## WHAT TO DO
Begin at the line containing "巴拉巴拉儿童长袖t恤男童女童2025秋季新款纯棉上衣" in the records below, end at the line containing "男生小腿上黑灰素描点刺技巧创意猫头鹰纹身图片", and retype each line in that span exactly. No other line and no image should appear.

## DATA RECORDS
==========

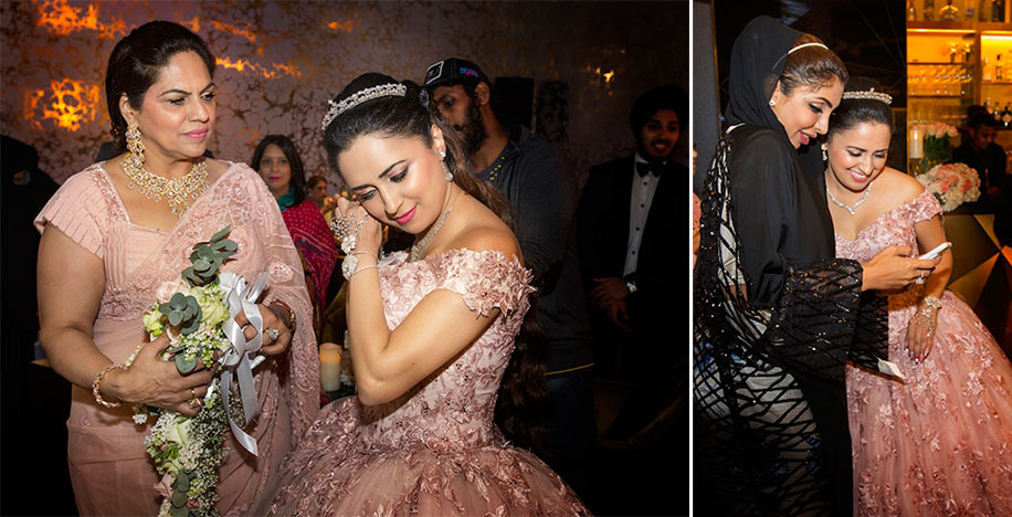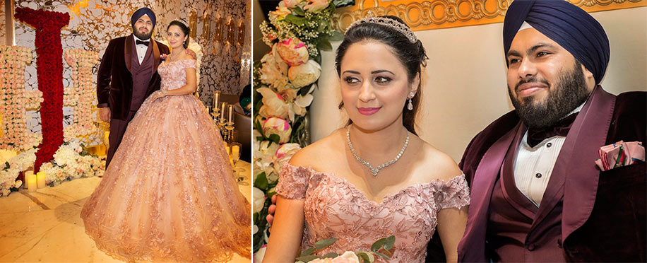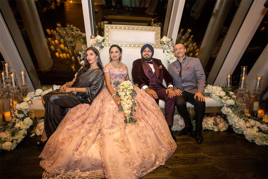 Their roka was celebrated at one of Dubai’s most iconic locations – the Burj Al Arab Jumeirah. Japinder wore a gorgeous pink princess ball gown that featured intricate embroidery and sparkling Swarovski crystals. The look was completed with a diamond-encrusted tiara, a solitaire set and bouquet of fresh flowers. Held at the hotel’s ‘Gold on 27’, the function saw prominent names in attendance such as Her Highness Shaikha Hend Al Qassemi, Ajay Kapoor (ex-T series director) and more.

==========

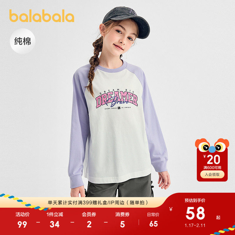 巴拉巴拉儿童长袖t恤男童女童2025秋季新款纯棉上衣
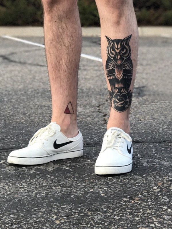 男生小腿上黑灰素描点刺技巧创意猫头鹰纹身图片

==========

## ANSWER TO THIS PROBLEM
 巴拉巴拉儿童长袖t恤男童女童2025秋季新款纯棉上衣
 男生小腿上黑灰素描点刺技巧创意猫头鹰纹身图片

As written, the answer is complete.